### Exercise input
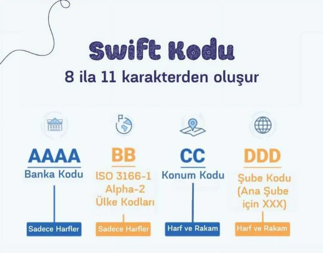 Banka kodu (4 harf): SWİFT kodunun ilk dört harfi bankayı temsil eder ve genellikle banka adının kısaltılmış hali gibi görünür.
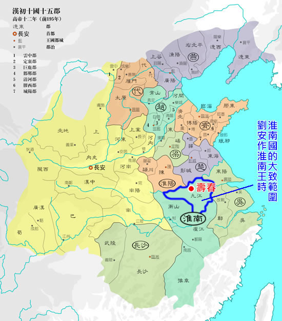 及至漢武帝的時候,表面上還有不少封國,但面積越分越小,比方我上文一直提到的淮南王劉安(他是劉邦的孫子,漢武帝劉徹的叔叔,以壽春為都城),他作淮南王時的「淮南國」只有漢初時的面積的四分一左右,即上圖用藍線圈上的部分。
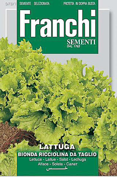 Bionda Ricciolina: Very early, this cutting lettuce produces beautiful soft lime-green leaves, held up by a crunchy rib at the back. The leaves are ruffled. Cut and come again variety. Cut as much as you need.
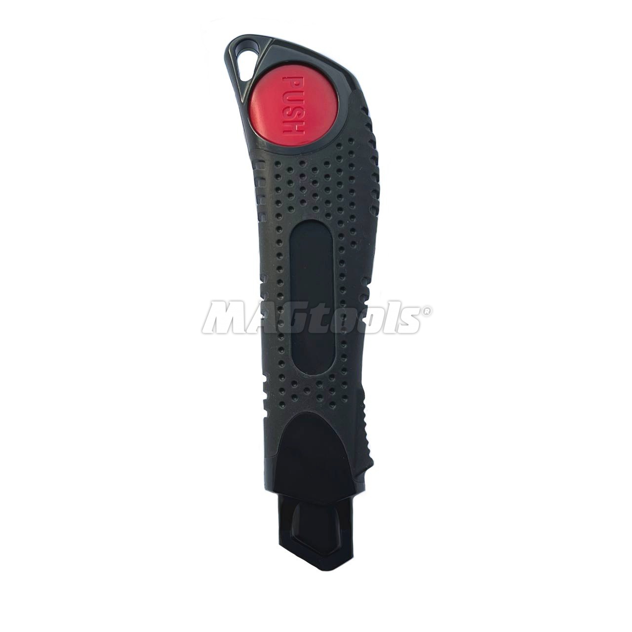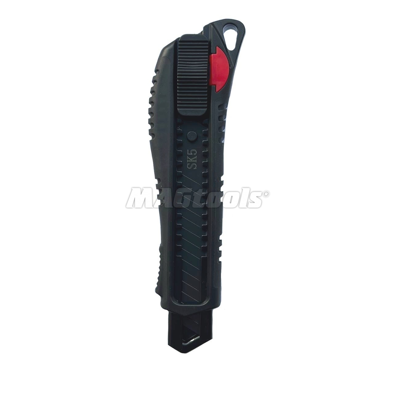 Нож черный SK-5 с автоматическим фиксатором используется для резки обоев, плотной бумаги, картона и других неплотных материалов. Лезвие черное каленое выдвигается с помощью фиксатора auto lock по железным направляющим. Нож идеально подойдет для отделочных и малярных работ. Инструмент имеет удобную форму, выдвижной корпус и эргономичный дизайн, который позволяет с легкостью разрезать материалы.
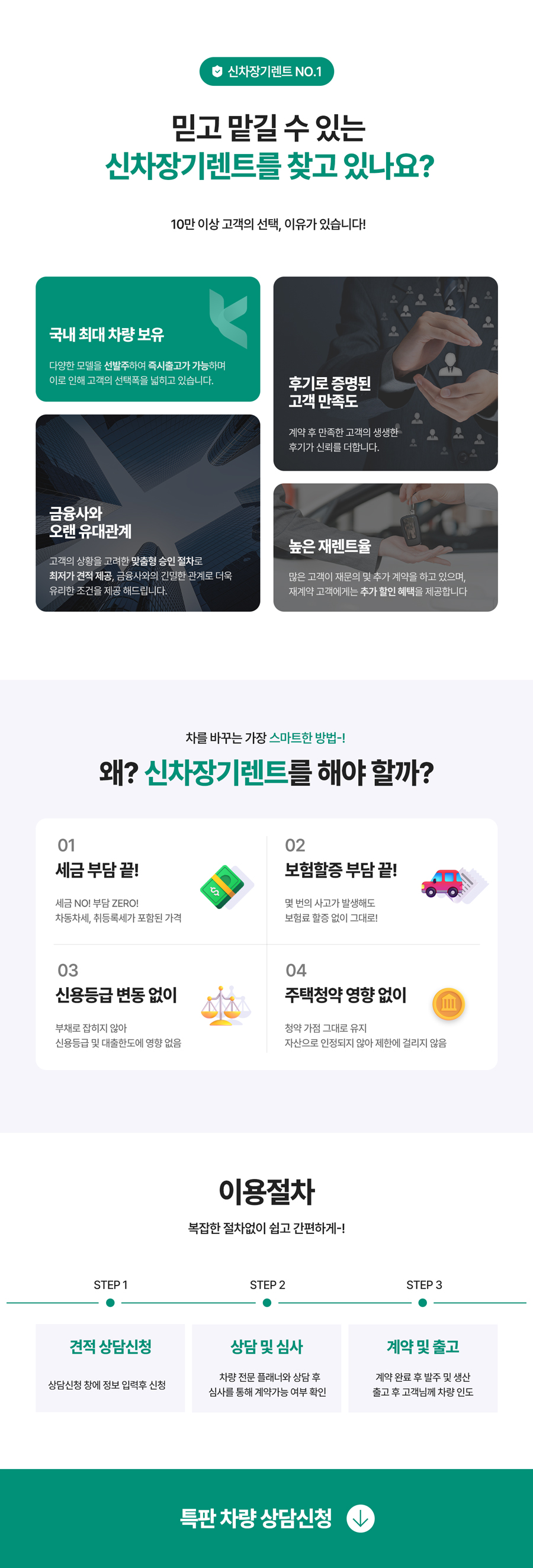 | 장기렌터카, 리스, 할부 등 견적상담 | 이름, 성별, 휴대전화번호, 생년월일, 주소, 운전면허번호, 이메일주소 | 서비스 공급 완료 및 계약 완료시로부터 5년 |

### Problem to work on
Each line above is to be repeated exactly as written; no picture is carried over.

### Answer to the exercise
 Banka kodu (4 harf): SWİFT kodunun ilk dört harfi bankayı temsil eder ve genellikle banka adının kısaltılmış hali gibi görünür.
 及至漢武帝的時候,表面上還有不少封國,但面積越分越小,比方我上文一直提到的淮南王劉安(他是劉邦的孫子,漢武帝劉徹的叔叔,以壽春為都城),他作淮南王時的「淮南國」只有漢初時的面積的四分一左右,即上圖用藍線圈上的部分。
 Bionda Ricciolina: Very early, this cutting lettuce produces beautiful soft lime-green leaves, held up by a crunchy rib at the back. The leaves are ruffled. Cut and come again variety. Cut as much as you need.
 Нож черный SK-5 с автоматическим фиксатором используется для резки обоев, плотной бумаги, картона и других неплотных материалов. Лезвие черное каленое выдвигается с помощью фиксатора auto lock по железным направляющим. Нож идеально подойдет для отделочных и малярных работ. Инструмент имеет удобную форму, выдвижной корпус и эргономичный дизайн, который позволяет с легкостью разрезать материалы.
 | 장기렌터카, 리스, 할부 등 견적상담 | 이름, 성별, 휴대전화번호, 생년월일, 주소, 운전면허번호, 이메일주소 | 서비스 공급 완료 및 계약 완료시로부터 5년 |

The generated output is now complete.